Dive Brief:
- Heartland Express reported a net loss of $1.9 million for Q4, its fourth consecutive loss — but its least painful quarter of 2024.
- The Iowa-headquartered TL carrier reported a full-year operating ratio of 101.9% for 2024, up from 96.5% in 2023.
- “Even in this challenging and prolonged negative operating environment, we continued to generate positive operating cash flows,” CEO Mike Gerdin said in an earnings announcement.
Dive Insight:
Heartland has worked to integrate massive acquisitions during a two-year freight recession.
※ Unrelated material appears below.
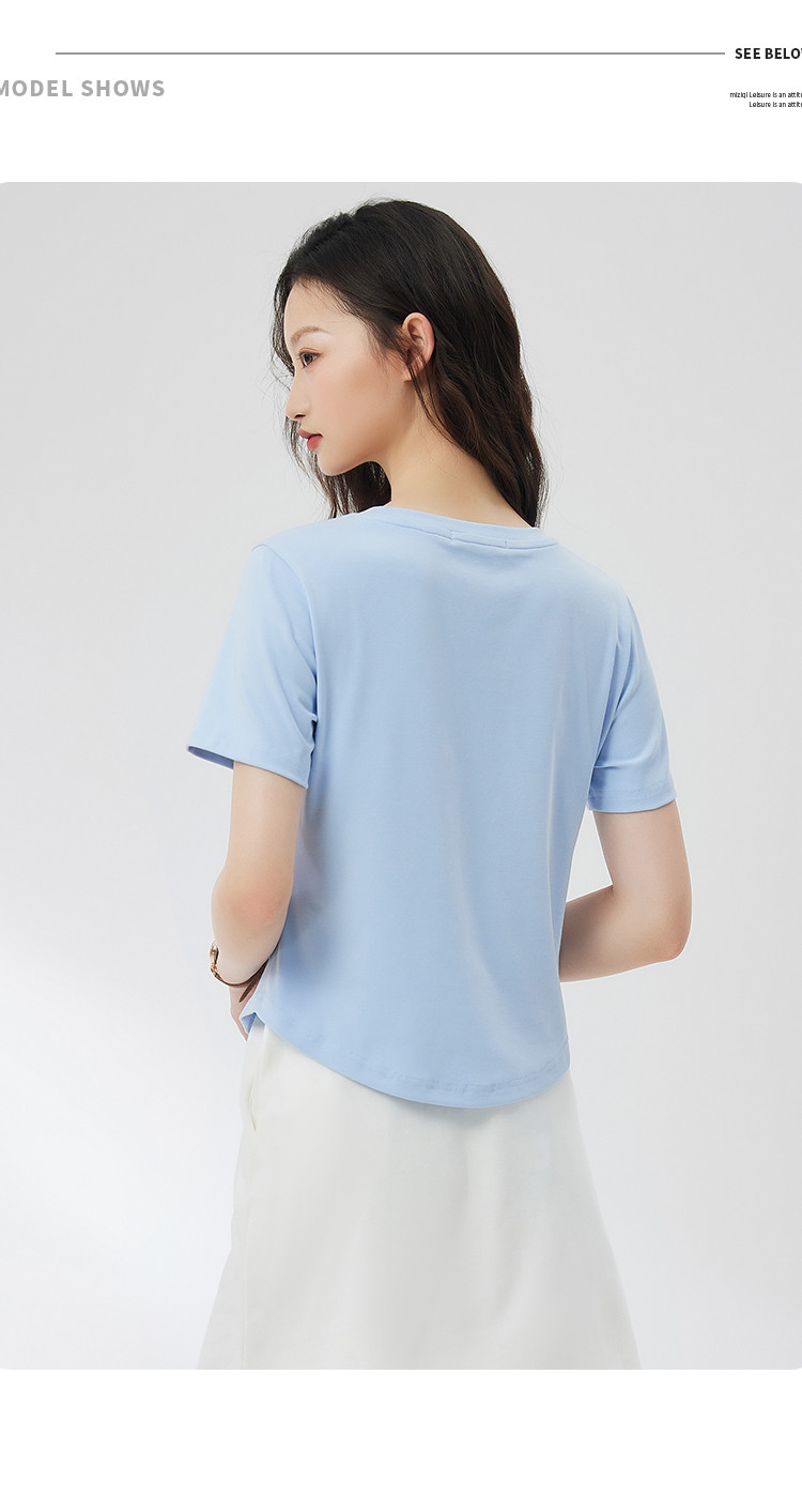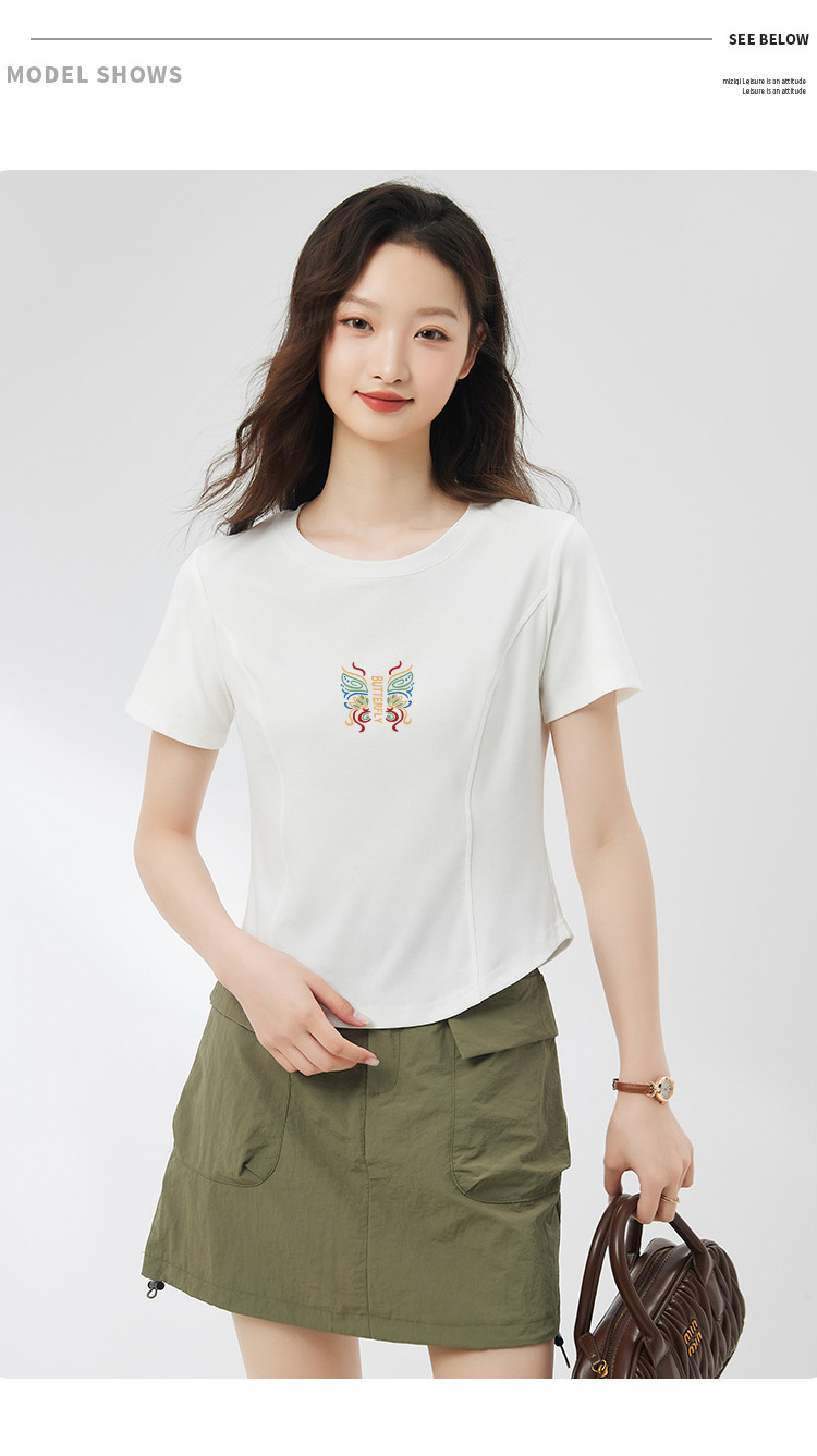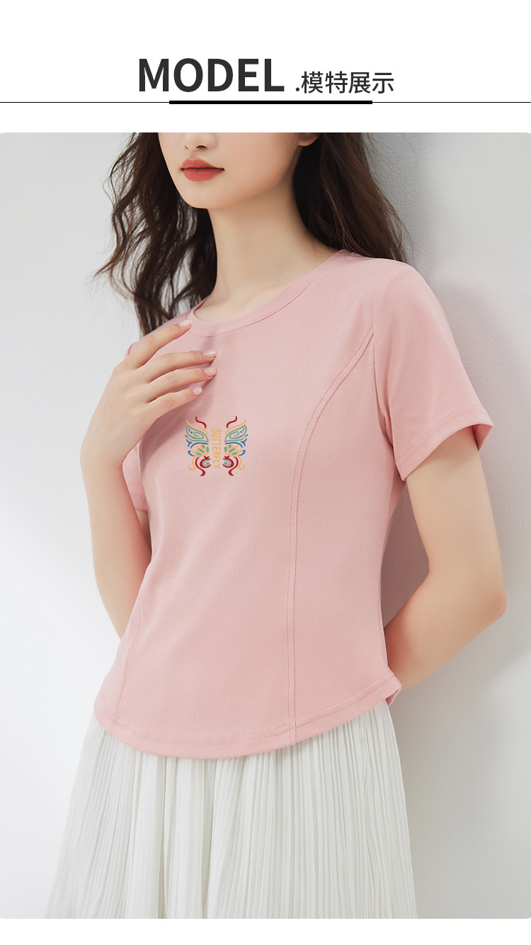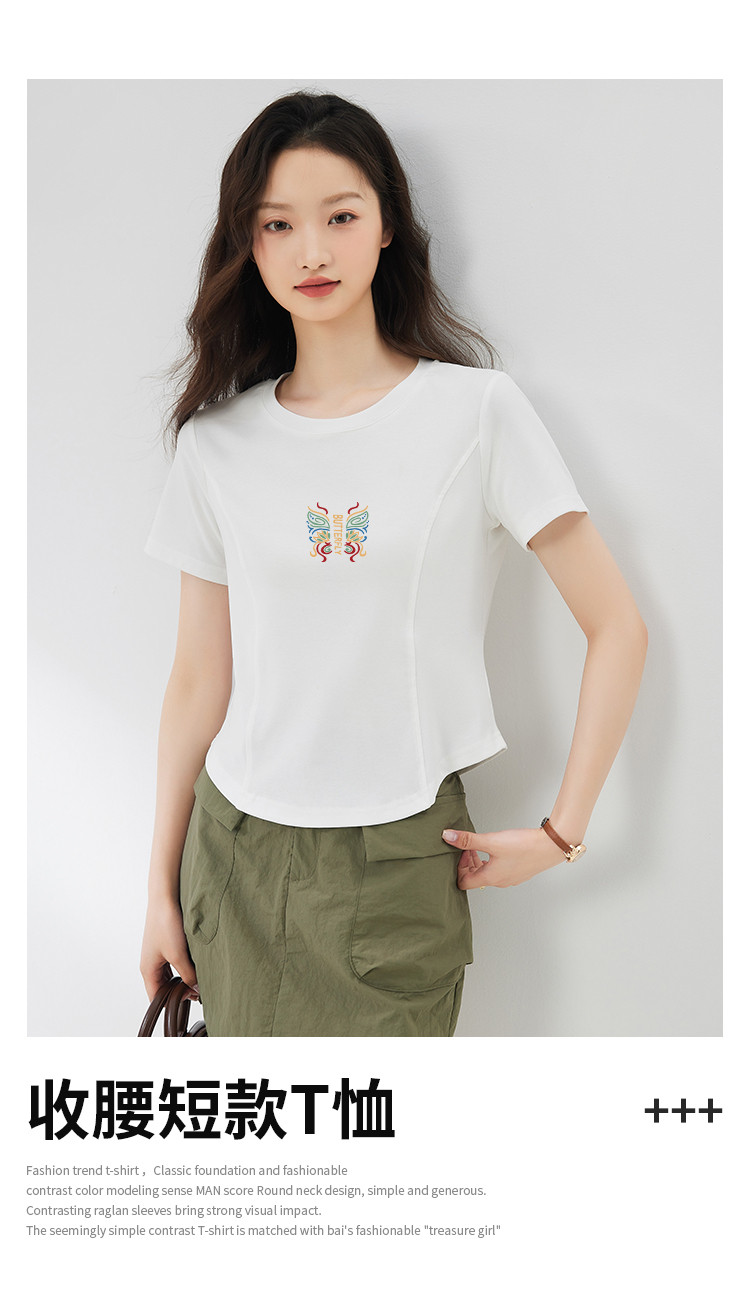 商品名称:米子旗夏季女圆领国风印花T恤短款弧形下摆显瘦短袖上衣 755418

The Cass Freight Shipment Index in Q4 2024 was down 3.2% YoY, hitting its lowest Q4 reading that the industry has seen in the last 15 years, C.H. Robinson President of North American Surface Transportation Michael Castagnetto said on an earnings call last week.
In 2022, Heartland bought Roaring Spring, Pennsylvania-based Smith Transport, and the carrier then acquired TFI International’s non-dedicated dry van and reefer Contract Freighters business along with CFI Logistica operations in Mexico.
Since then, Heartland has noted challenges in bringing those brands into a target operating ratio involving the low-80s, but the carrier carrier improved earnings in both its legacy and acquired brands in 2024. The OR for its legacy brands was 96.3% in Q4, a 3.6 percentage point improvement compared to Q1, and its CFI and Smith OR was 102.6%, a 7.1 percentage point improvement.
“While it is early in the quarter and extreme winter weather conditions so far in 2025 make comparison difficult, we are seeing a positive shift in customer rate and volume negotiations that we expect to strengthen as the year unfolds,” Gerdin said.
In Q4 2023, the carrier received a boost in cash through the sale of three terminals, landing $25.6 million. As of Dec. 31, 2024, the company had $12.8 million in cash balances — a $15.3 million decline compared to the prior year.